I got lost. I found my way again. I knew what streets I was on and I Google-mapped my way back to the parking lot where the rental waited. In the distance I heard sirens, cops and ambulances.

It was possible I'd killed him but I didn't think so. Old timers called it a berserker rage. Not supposed to happen in our civilized day and age.

But there's nothing civilized about the world we live in. That's just a lie we tell ourselves.

I took my loot back to the hotel where I was staying. I checked every form of communications I had and had no messages from Cole or about Cole.

I took a cold shower and doctored my hand.

I cried. I paced. I almost called my mother, my father, my probably ex-fiancé. I almost went to a church. I almost called a trauma hotline.

In the end, I stood over the baggies and didn't even contemplate taking them to the bathroom.

I shot up and all the pain and anxiety and hurt floated away on a sea of pleasure.

I slept until noon.

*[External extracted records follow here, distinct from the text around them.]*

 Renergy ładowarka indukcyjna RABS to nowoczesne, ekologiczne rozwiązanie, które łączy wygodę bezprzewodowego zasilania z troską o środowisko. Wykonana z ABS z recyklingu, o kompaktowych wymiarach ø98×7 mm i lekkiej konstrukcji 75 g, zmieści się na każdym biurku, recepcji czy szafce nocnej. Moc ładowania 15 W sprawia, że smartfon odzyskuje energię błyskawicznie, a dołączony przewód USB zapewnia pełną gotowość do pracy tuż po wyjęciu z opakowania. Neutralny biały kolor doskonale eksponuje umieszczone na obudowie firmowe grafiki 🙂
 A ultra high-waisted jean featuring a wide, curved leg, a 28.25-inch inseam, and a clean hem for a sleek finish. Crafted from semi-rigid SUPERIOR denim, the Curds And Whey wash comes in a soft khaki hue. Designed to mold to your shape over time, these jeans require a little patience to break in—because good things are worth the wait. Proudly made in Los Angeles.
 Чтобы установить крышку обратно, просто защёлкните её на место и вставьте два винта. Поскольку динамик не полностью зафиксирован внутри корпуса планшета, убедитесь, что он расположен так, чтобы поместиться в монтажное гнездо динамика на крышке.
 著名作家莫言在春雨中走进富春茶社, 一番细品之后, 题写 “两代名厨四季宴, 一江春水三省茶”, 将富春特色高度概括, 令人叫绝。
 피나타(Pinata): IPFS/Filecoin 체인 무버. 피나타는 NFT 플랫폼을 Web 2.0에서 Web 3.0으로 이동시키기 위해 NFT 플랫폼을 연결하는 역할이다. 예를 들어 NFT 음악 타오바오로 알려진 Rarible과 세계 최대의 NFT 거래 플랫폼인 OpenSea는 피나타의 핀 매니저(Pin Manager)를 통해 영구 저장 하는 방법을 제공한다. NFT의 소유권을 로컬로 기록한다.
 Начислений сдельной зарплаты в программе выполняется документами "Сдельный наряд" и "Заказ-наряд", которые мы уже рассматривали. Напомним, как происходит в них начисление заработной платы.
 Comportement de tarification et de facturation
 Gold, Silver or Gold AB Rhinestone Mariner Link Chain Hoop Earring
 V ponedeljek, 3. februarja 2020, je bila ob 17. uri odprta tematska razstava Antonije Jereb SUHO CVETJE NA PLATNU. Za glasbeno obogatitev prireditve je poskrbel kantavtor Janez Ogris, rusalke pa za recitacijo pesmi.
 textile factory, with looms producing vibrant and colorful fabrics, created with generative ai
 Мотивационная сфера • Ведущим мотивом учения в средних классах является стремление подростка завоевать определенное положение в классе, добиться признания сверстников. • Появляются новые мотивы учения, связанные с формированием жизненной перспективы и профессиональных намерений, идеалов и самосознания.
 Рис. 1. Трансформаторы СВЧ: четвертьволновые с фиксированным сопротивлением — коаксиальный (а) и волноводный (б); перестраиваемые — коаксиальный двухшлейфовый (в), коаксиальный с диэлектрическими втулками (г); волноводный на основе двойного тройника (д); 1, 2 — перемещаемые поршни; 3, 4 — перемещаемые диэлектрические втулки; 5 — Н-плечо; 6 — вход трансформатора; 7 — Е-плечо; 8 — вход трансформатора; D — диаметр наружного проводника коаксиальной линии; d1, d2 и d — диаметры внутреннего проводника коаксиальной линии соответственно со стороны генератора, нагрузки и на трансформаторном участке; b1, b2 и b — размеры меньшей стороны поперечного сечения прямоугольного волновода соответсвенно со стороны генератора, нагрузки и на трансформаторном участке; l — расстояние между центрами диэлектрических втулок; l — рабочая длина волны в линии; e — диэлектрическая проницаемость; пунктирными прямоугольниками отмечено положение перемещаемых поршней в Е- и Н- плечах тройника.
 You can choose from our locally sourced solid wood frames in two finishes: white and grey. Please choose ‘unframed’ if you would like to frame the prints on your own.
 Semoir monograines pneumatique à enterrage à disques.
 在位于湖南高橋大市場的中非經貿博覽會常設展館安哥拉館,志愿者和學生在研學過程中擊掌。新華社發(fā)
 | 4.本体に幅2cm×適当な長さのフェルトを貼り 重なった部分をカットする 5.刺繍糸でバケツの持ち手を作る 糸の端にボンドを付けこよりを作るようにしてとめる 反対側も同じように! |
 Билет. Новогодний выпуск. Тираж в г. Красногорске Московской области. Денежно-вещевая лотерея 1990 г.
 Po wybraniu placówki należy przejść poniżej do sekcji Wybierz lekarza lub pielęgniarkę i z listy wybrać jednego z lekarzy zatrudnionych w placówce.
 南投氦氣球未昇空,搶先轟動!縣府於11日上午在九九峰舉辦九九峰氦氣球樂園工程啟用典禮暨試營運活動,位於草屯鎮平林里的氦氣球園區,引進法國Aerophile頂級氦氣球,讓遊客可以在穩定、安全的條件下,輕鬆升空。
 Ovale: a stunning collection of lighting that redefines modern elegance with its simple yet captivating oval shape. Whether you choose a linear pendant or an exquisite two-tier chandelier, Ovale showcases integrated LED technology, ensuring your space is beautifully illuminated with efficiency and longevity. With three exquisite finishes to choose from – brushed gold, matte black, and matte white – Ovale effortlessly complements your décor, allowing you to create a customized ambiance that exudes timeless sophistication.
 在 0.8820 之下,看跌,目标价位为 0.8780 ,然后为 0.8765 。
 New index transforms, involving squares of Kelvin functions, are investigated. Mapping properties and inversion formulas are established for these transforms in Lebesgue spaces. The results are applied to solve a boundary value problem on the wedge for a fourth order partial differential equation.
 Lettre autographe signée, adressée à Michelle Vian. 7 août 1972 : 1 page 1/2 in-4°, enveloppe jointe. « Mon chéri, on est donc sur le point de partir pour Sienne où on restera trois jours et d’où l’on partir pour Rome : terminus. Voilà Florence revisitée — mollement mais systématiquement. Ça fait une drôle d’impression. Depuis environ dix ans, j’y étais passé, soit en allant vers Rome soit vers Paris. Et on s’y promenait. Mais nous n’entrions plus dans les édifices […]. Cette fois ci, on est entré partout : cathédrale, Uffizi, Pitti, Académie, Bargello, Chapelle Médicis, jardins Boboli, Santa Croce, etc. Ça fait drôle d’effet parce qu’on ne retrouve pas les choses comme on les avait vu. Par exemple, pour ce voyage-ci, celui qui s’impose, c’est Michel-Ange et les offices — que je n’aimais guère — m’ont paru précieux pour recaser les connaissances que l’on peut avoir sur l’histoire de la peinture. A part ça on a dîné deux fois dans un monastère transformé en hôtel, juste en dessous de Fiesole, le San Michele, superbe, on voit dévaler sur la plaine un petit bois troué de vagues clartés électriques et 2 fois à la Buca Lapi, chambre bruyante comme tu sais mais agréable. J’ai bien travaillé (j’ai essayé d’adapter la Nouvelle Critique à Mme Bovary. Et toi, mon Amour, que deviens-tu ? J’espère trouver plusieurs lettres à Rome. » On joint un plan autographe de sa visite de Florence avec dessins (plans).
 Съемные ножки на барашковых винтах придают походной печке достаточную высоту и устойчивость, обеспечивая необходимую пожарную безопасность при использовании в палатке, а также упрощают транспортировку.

Then I ate and went back to bed and slept until six. I got up and tried to make myself flush the rest of the baggies and cried when I couldn't.

Then I checked out of the hotel room and went looking for Cole.

 

 

10

 

 

Annie

 

 

The next week was like a waking dream. Or a waking nightmare. I woke every morning with a sick stomach, pounding headache and anxiety crawling through my veins. Wake up, get up, throw up, shoot up.

Then I went looking. I scoured the internet. I made phone calls. I called in every favor from every perp I’d ever let walk in case I needed an informant. Because they all have friends. I could cover multiple cities that way and still there was nothing.

Not quite. There were reports of Cole missing events he was supposed to be part of and sending proxies to board meetings and blowout extravaganzas alike. Wherever he was, social media and mainstream media had no idea.

When you're a billionaire, you can get away with shit like that.

Negative news didn't help me. No outlet seemed to want to figure out if he was in Southern Nevada or Timbuktu. More than once I caught myself before slamming my fist into the hotel room walls. More than once I did slam my fists into the bed, making it rock.

I didn't go back to the dungeon. I was afraid to. Afraid I'd never leave the area if I did. My life would dwindle down to drugs and sex or drugs and whatever it was because I hadn't seen any actual sex, come to think of it.

For me, I thought I'd want it. I thought that's part of what made Cole laugh behind his eyes when he told me I didn't have to sleep with him.